Although spontaneous clonus and diaphoresis decreased in cases, the frequency of SS diagnosed by RC was not affected. This could be related to the method of measurement of the Radomski scale, in which at least 3 major criteria should be observed. Based on these data, HC is more sensitive when intervention is taken into account, which is consistent with previous reports.[15]
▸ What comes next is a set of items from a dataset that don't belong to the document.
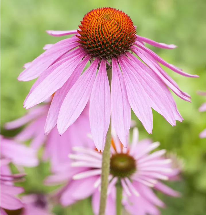 Zum Verzehr geeignet. Echinacea purpurea 'Magnus' bildet körbchenartige, dunkelrote Blüten ab Juli.
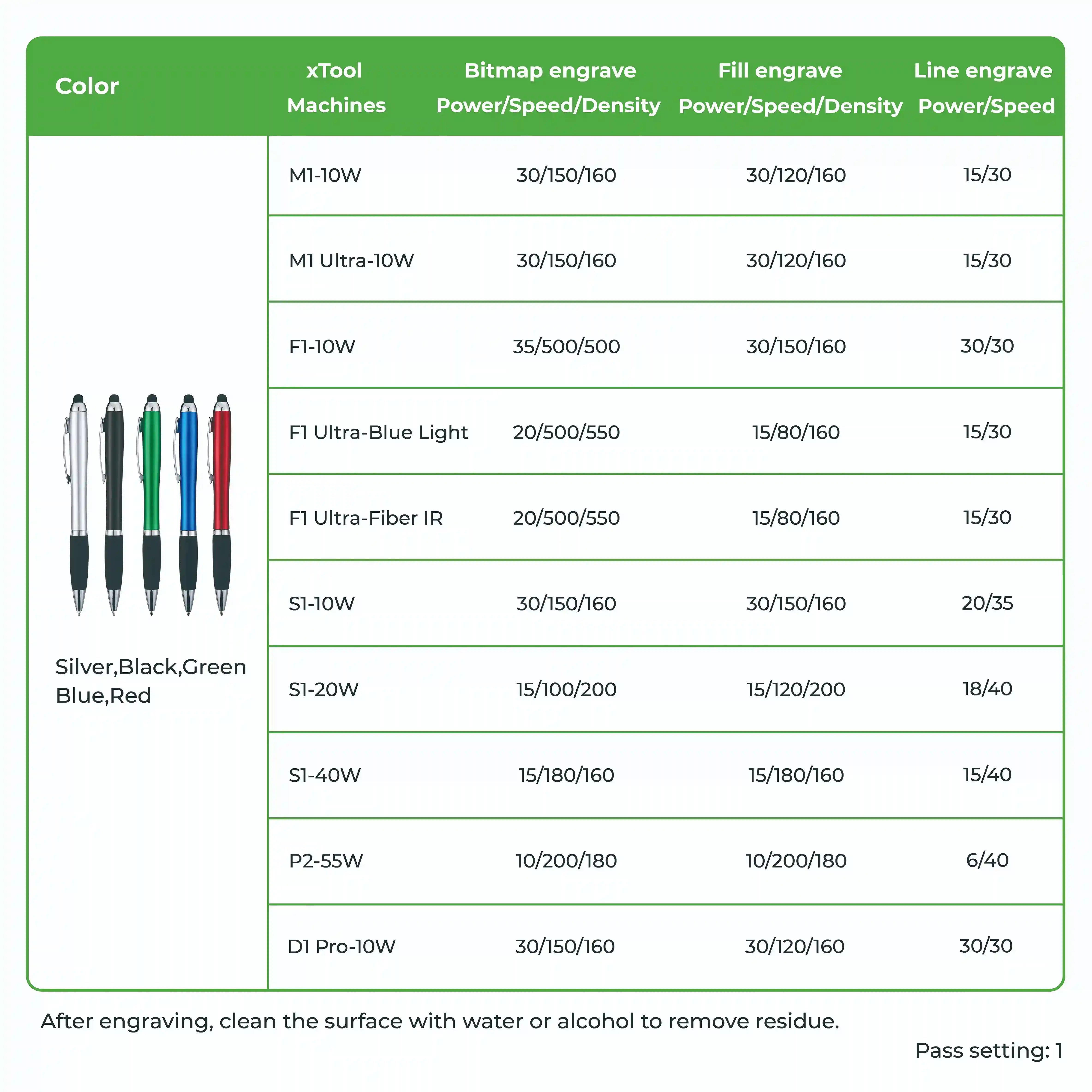 - Le stylo à bille tactile est équipé d’une lumière LED parfaitement adaptée aux machines xTool pour la gravure laser. Il suffit de graver des motifs ou du texte sur le corps du stylo pour obtenir un motif lumineux très cool. Un bouton situé à l’extrémité du stylo permet de contrôler la lumière. Pour des performances et une durée de vie optimales, nous recommandons d’éteindre la lumière lorsque le stylo n’est pas utilisé.
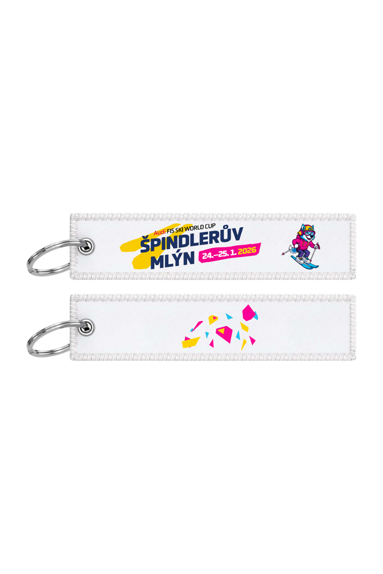 Elegantní textilní klíčenka o rozměru 12x4 cm s kovovým kroužkem.
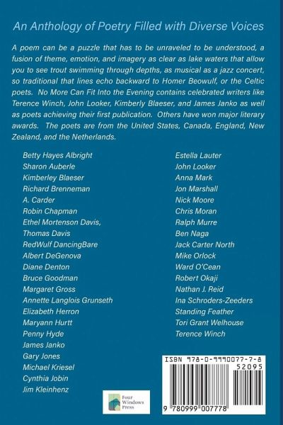 No More Will Fit Into the Evening contains poetry by thirty-seven poets from five countries. The sub-title of the book is, "An Anthology of Diverse Voices," and this is what the poet's in the volume represent. Poets from a diversity of backgrounds and places inevitably produce poems that are made distinct not only by their talent, but also by the experiences and visions that arise from that diversity. The diversity represented by this volume encompasses racial identity, sexual orientation, country of origin, and spiritual beliefs. There is no perfect way to look at the universe, but when all the ways of seeing what is are represented, then, at least from a human perspective, a fuller and truer image can emerge. The editors, the poets Thomas Davis and Standing Feather, asked each of the poets in the book for ten of the best poems they have ever written and then selected the poems that they considered exceptionally strong for conclusion. They wanted to honor the idea that a healthy sampling of a poet's work is better than a whiff that gives a slight taste of what the poet is all about. Some of the poets contained in the anthology have been published in some of the finest magazines and journals in the world. A few have won major awards for their poetry and their books and have an international audience. Others have never achieved publication outside of their personal blogs. Of special note is the inclusion of poets like Terence Winch, winner of the American and Columbia Books awards, among other major honors, the extraordinary Anishinabe poet Kimberly Blaeser, John Looker, one of England's most interesting poets, the environmentalist poet Robin Chapman, the award-winning novelist James Janko, and the jazz musician and founder of the literary journal After Hours, Albert DeGenova. These, and all the other poets included, have helped achieve what Davis and Feather wrote as their fondest wish in the Introduction, that readers might find themselves on a mesa top where grandmother junipers spread their branches out beneath a full moon, remembering poems that stuck in their spirit after this volume has been read. We are hoping they might have that experience in Door County, Wisconsin where Lake Michigan is tossing wild, white capped waves at the dark dolomite escarpment that runs through Door Peninsula, or maybe in the timeless moment when they are communing with Taliesin, the ancient Celtic bard, in a time before time as he chants beauty and the world's beauty into the deep starlight of a Celtic night. The list of poets included in the anthology are: Betty Hayes Albright, Sharon Auberle, Kimberly Blaeser, Richard Brenneman, A. Carder, Robin Chapman, Ethel Mortenson Davis, Thomas Davis, RedWulf DancingBare, Albert DeGenova, Diane Denton, Bruce Goodman, Margaret Gross, Annette Langlois Grunseth, Elizabeth Herron, Maryann Hurtt, Penny Hyde, James Janko, Gary Jones, Michael Kriesel, Cynthia Jobin, Jim Kleinhenz, Estella Lauter, John Looker, Anna Mark, Jon Marshall, Nick Moore, Chris Moran, Ralph Murre, Ben Naga, Jack Carter North, Mike Orlock, Ward O'Cean, Robert Okaji, Nathan J. Reid, Ina Schroders-Zeeder, Standing Feather, Tori Grant Welhouse, and Terence Winch.
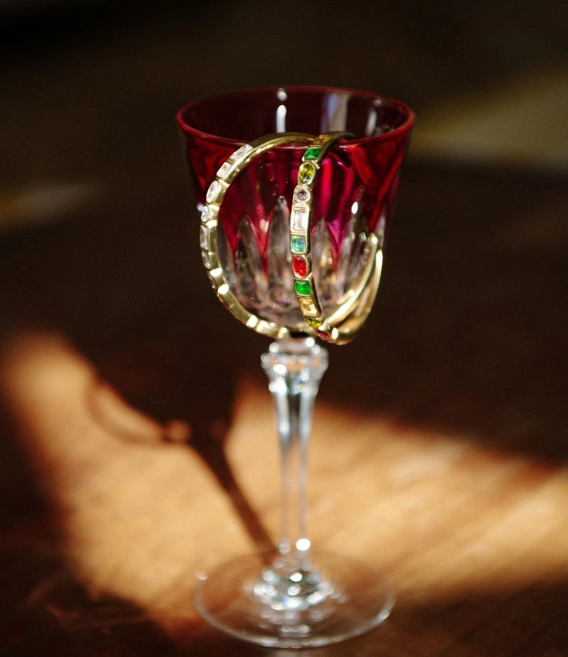 Notre jonc Kate est en acier inoxydable doré à l’or fin et est serti de cristaux colorés ✨
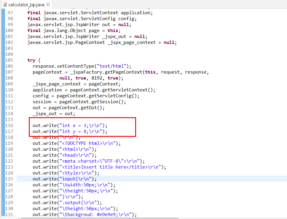 JSP가 만든 코드를 보면 그냥 문자열로 출력해준다.
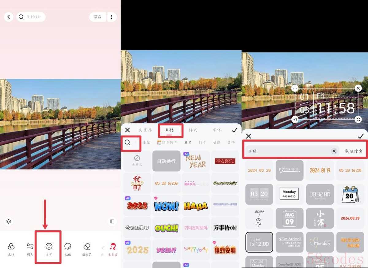 在跳转界面点击“素材”选择“搜索”,然后打字输入“时间水印”,喜欢的选中即可套用,还支持编辑修改文本内容、样式、字体等参数,最后保存就完成了。
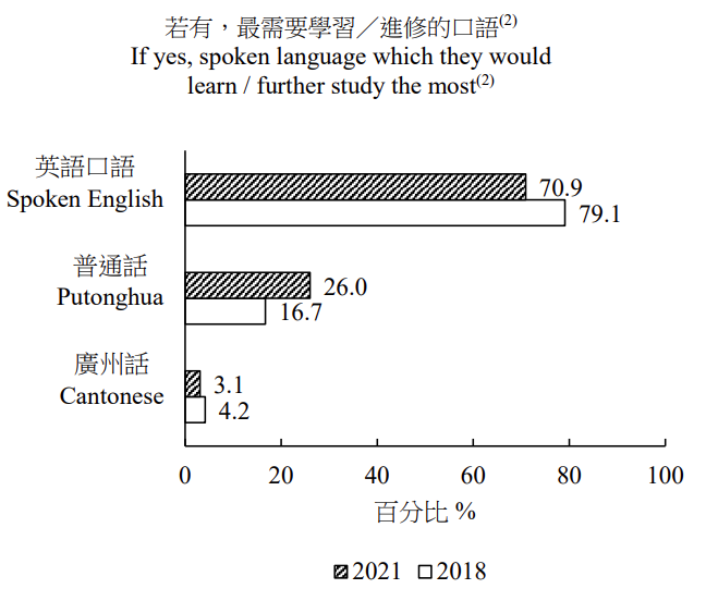 調查顯示:2021年,香港人認為最需要進修普通話的比例較2018年上升,英語則相應下跌。(圖源:香港特區政府統計處)
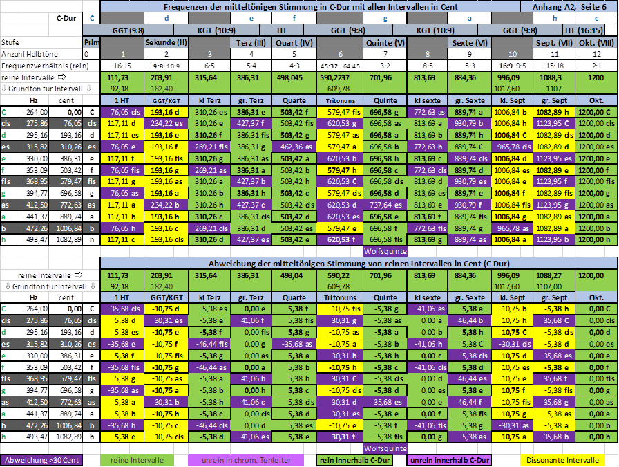 A 2-6 Frequenzen der mitteltönigen Stimmung in C-Dur mit allen Intervallen und Abweichungen in Cent
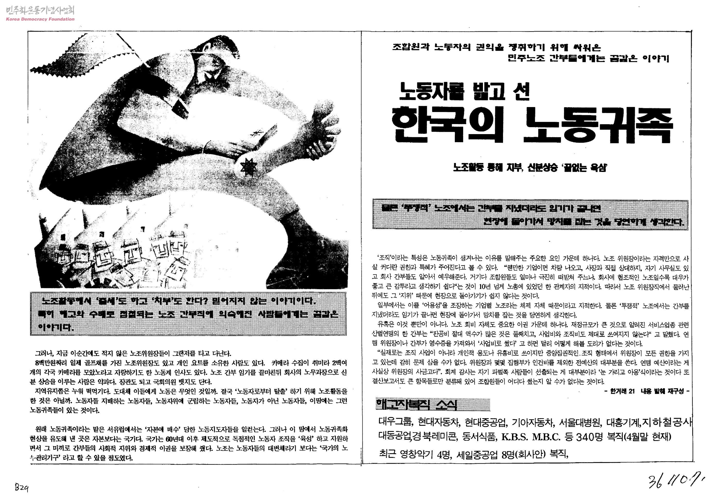 노동자를 밟고 선 한국의 노동귀족[복직을 위한 텐트농성 30일째]
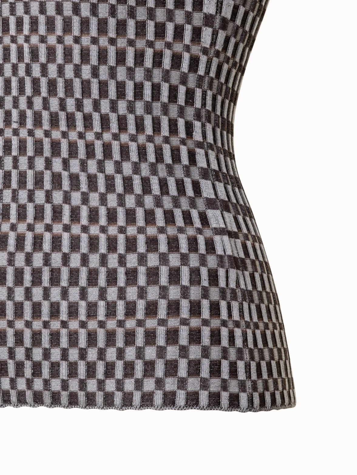 This Akris pullover is crafted in a structured check silk knit, creating a comfortable and elegant style that is perfect for spring and summer. The round neck, fitted silhouette, and short sleeves make it ideal for layering or as a versatile standalone piece.

Radomski and colleagues revised Sternbach Criteria and developed RC to diagnose SS in 2000.[11] In later stages, a new set of decision rules, “the Hunter Serotonin Toxicity Criteria”, was developed. It is suggested that HC are simpler, more sensitive, and more specific than Sternbach's criteria.[15] Evaluating SS with these two methods in the current research (HC and RC) will also provide evidence for future validation of these criteria.

This study confirms the previous hypothesis[4] that chlordiazepoxide could be effective in prevention of tramadol overdose induced SS.

Limitation

The number of cases diagnosed with SS were limited (n = 5). This research could be under-powered to detect potential impacts of chlordiazepoxide when SS is evaluated via RC. In this setting, administration of activated charcoal followed by gastric lavage was performed in some cases. This could have interfered with the study of chlordiazepoxide effectiveness.